Ohio police officer fired for getting ‘pure evil’ tattooed on his fingers

Officer was dismissed in April

Ohio Police Officer Fired For Getting ‘Pure Evil’ Tattooed On His Fingers

A Cincinnati police officer was fired for getting the words “pure” and “evil” tattooed across his knuckles.

Officer Eric Weyda, a 16-year officer with the force, was dismissed in April for insubordination and failure of good behaviour, documents obtained by WLWT reveal. Mr Weyda is appealing the decision.

"Officer Weyda’s tattoos are a violation that is ongoing and permanent,” one of his supervisors wrote. “Additionally, Officer Weyda’s tattoos do not promote the professional and neutral image of the Cincinnati Police Department and are injurious to the public trust."

The officer got the ink in December 2021, violating a department policy that forbids tattoos on the face, neck, head, or hands.

During a disciplinary review, Mr Weyda declined to get the tattoos removed, citing the cost of the procedure.

Officer Eric Weyda was dismissed from the Cincinnati police department in April.

Mr Weyda said the tattoo had a personal meaning and should not be read as communicating that he viewed himself as pure evil, but rather were meant to show the struggle between good and evil.

"Weyda showed remorsefulness for obtaining the tattoo and acknowledged a lack of discretion since he obtained the tattoo in December 2021,” police disciplinary documents read. “Furthermore, Officer Weyda stated, like all of his tattoos, his hand tattoo has a personal message to him, and the words ‘pure evil’ should not be observed as one message.”

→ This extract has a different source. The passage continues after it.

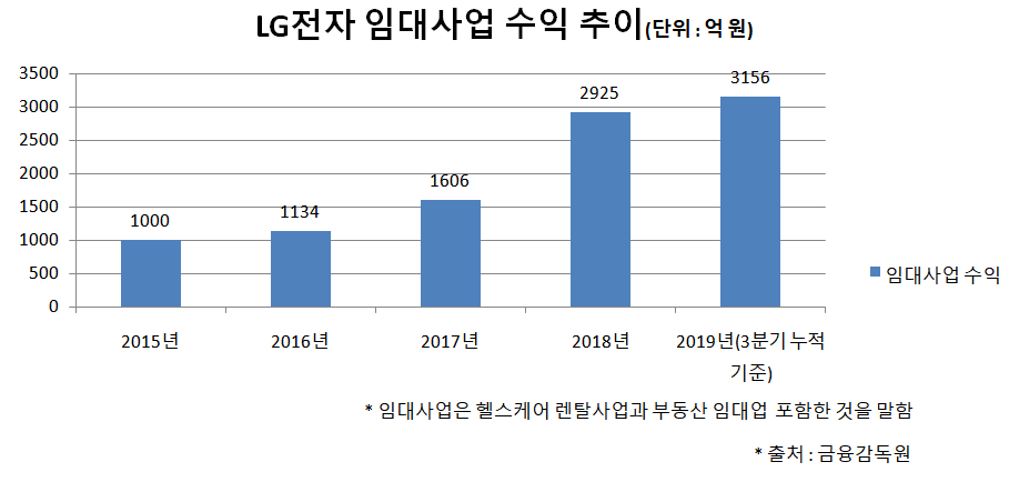 LG전자의 리스료 수익은 LG 생활가전을 임대해주는 헬스케어 렌털사업과 부동산 임대업을 통해 벌어들이는 돈을 말한다. 이 중 헬스케어 렌털사업이 차지하는 비중은 99%를 넘는다.

His superiors clearly didn’t see it that way.

"Officer Weyda’s message also has the very real possibility to cause extraordinary damage to police community relations both locally and nationally,” a police captain wrote in the documents.

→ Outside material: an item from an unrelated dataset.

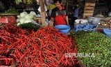 Pedagang menyortir cabai merah di Pasar Induk Rau, di Serang, Banten, Rabu (11/7). Sejak 1 Juli 2018 seiring naiknya harga BBM, harga sejumlah komoditas sayuran melonjak naik, seperti harga cabai keriting naik dari Rp35.000 menjadi Rp52.000, harga cabai rawit naik dari Rp25.000 menjadi Rp40.000 (FOTO : Asep Fathulrahman/Antara)

Prior to the dismissal, Mr Weyda was moved to police impound lot to “limit his public exposure.”

The dismissed officer has filed a grievance through the local chapter of the Fraternal Order of Police [FOP] union.

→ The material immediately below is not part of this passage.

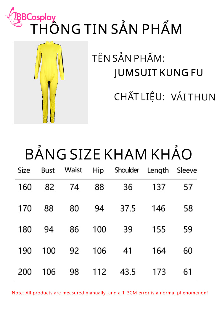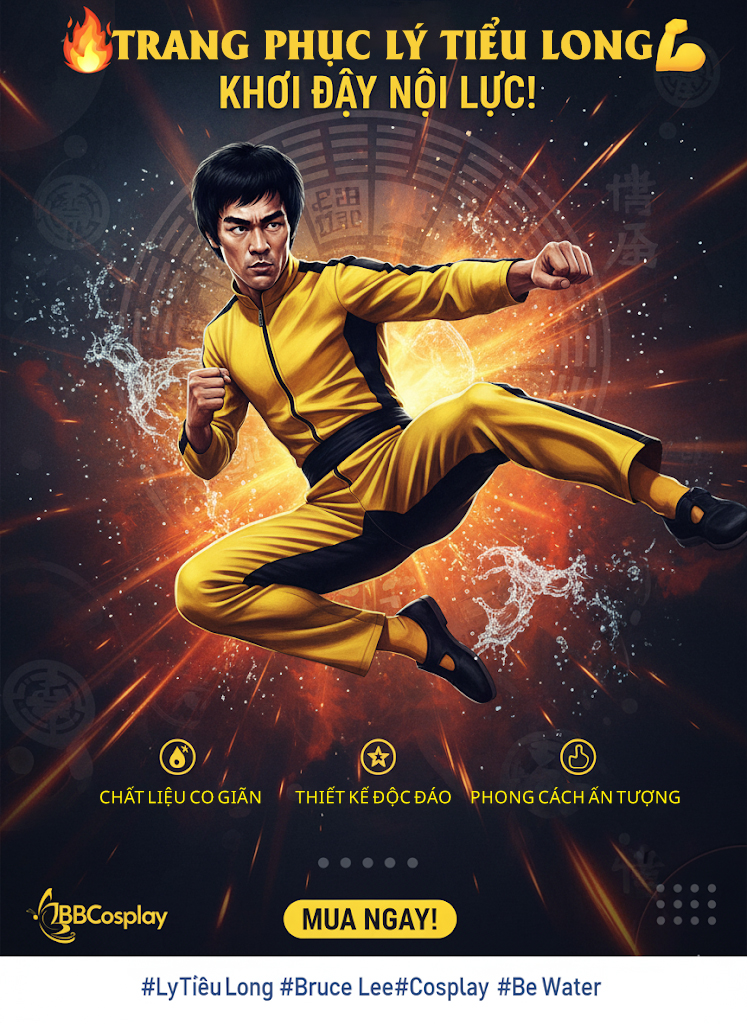 Bạn đã sẵn sàng để tái hiện phong thái đỉnh cao của huyền thoại võ thuật Lý Tiểu Long? Với bộ trang phục liền thân màu vàng đặc trưng cùng các sọc đen mạnh mẽ, bạn sẽ không chỉ hóa thân thành biểu tượng mà còn cảm nhận được tinh thần "Be Water" chảy trong mình!

"The FOP represents all Cincinnati police officers when they participate in the grievance process outlined in our collective bargaining agreement. Every officer is entitled to a fair hearing and that’s what will take place here,” the group said in a statement.

It’s not the first incident involving the officer.

Police records indicate he was regularly chastised for attendance issues that ranged from “needs improvement” to “unaccpetable.” He was once given department counseling for doing a burnout in his personal vehicle in a government parking lot.

The tattoo incident comes as police in Cincinnati are under scrutiny.

State police in Kentucky are investigating the force after it crossed state lines as part of a murder investigation, and ended up shooting Ali Counter, a 20-year-old Black man.

Police body camera footage shows that Coulter had a gun and was ordered to drop it. It’s unclear if he pointed the weapon at officers.

“What these officers encountered was Mr Coulter coming towards them, firearm in his hand, wanted for muyrder, 9:30 on a Monday morning in a residential neighbourhood,” interim police chief Teresa Theetge said in April when the footage was released.  “They have to take all of that into consideration in determination to use force.”